Family & Education

Hasmonean graded outstanding for Jewish studies

School wins top grade for religious education for a second time in succession


Hasmonean High School has retained its rank as outstanding for Jewish studies after the latest visit from Pikuach, the Board of Deputies-run inspection service.

Inspectors were just as impressed with the Orthodox school’s Jewish studies programme as they were five years ago.

A “dynamic and creative vision” for Jewish education offered “memorable experiences and rich opportunities for high-quality learning”.

Provision for children with special needs was praised as it was for gifted students.

Around 30 per cent of the timetable is devoted to Jewish studies, rising to 50 per cent when after-school classes and Sunday lessons are included.

Last year all boys who left school went to yeshivah, while over the last four years, 80 per cent of girls attended a seminary or another religious course in Israel.

“There has been a huge drive with the new Chumash curriculum to improve textual skills and raise the level of students’ learning, including the accelerated track for girls,” Pikuach reported. “Some lessons are delivered entirely in Ivrit to prepare the girls for seminary in Israel.”

Half of the girls do extra learning at lunchtime or after school, while participation in the “Kodesh Extra” sessions for girl has risen by nearly a fifth over the past year to 290 girls a week.

The increase in students in voluntary classes “reflects the inspiring programme developed by the Jewish studies department,” Pikuach said.

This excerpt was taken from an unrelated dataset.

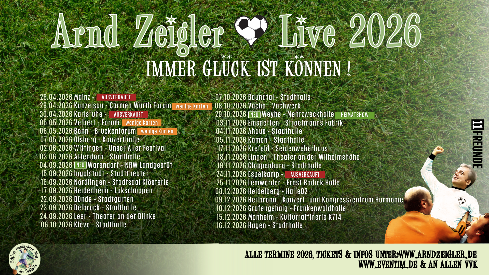 Fußball-Freunde aufgepasst: Arnd Zeigler ist seit September 2024 mit seinem dritten Bühnenprogramm „Immer Glück ist Können!“ auf Tour. Der Titel ist Programm, denn nach über 250 Live-Auftritten kann man mit Fug und Recht behaupten: Das ist nicht nur Glück – da muss auch Können im Spiel sein. Wer die Fernsehsendung „Zeigler wunderbare Welt des Fußballs“ kennt, der weiß, was man von dem Live-Pendant erwarten kann. Kernige Typen, kultige Sprüche und Kacktore en masse – eine Komposition von und für den Fußball. Erklärtes Ziel bleibt es, der Faszination Fußball auf den Grund zu gehen. Gar nicht so einfach, denn die Kommerzialisierung wird immer größer, das Regelwerk immer undurchsichtiger und am Ende gewinnen die Bayern. Doch mit dem Fußball ist es wie mit Darth Vader: Es steckt noch viel Gutes in ihm. Wir dürfen uns auf eine weitere Runde pickpackevoller Fußballabende mit großen Emotionen freuen.

Nearly every student made good or better progress in Chumash in the first five years, while 90 per cent of boys did so in Talmud over the first four.

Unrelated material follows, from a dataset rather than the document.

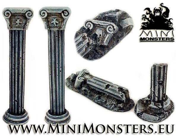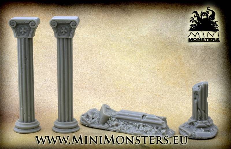 Mini Monsters Corinthian Columns - 4st - MM-28. Deze kit bevat 2 volledige Korintische zuilen en twee half verwoeste zuilen.Â

For biblical Hebrew GCSE and A-level, half of entrants achieved A* or A; for religious studies GCSE, at least 85 per cent achieved A* to C in the past three years, while 54 per cent of those who took A-level religious studies last year gained A* or A.

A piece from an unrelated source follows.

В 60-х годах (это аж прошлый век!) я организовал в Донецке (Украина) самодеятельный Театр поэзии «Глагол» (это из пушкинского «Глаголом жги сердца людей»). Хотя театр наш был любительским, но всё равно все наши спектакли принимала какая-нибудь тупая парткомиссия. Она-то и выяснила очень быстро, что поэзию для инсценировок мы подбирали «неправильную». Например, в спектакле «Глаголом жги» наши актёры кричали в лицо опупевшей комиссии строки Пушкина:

Boys were able to apply the skills they learned through Talmud study more widely, one telling Pikuach, “It helps me with my revision techniques and this has improved my grades”.

The school fostered a respect for other communities. Girls visited an Islamic school, while after the Grenfell Tower fire, boys created a condolence book which was sent to the Mayor of London, Sadiq Khan.

Pikuach said that “alumni of the school become outstanding role models for Hasmonean students and younger people in the wider community. For example, in the sixth form Beis programme, alumni return and learn one-to-one with students.”

Andrew McClusky, Hasmonean’s executive headteacher, and chairman of governors Marc Meyer were “incredibly proud” of the findings.“It is now our responsibility in the years ahead to ensure that each and every child continues to be as inspired and fulfilled by their religious education as possible,” they said.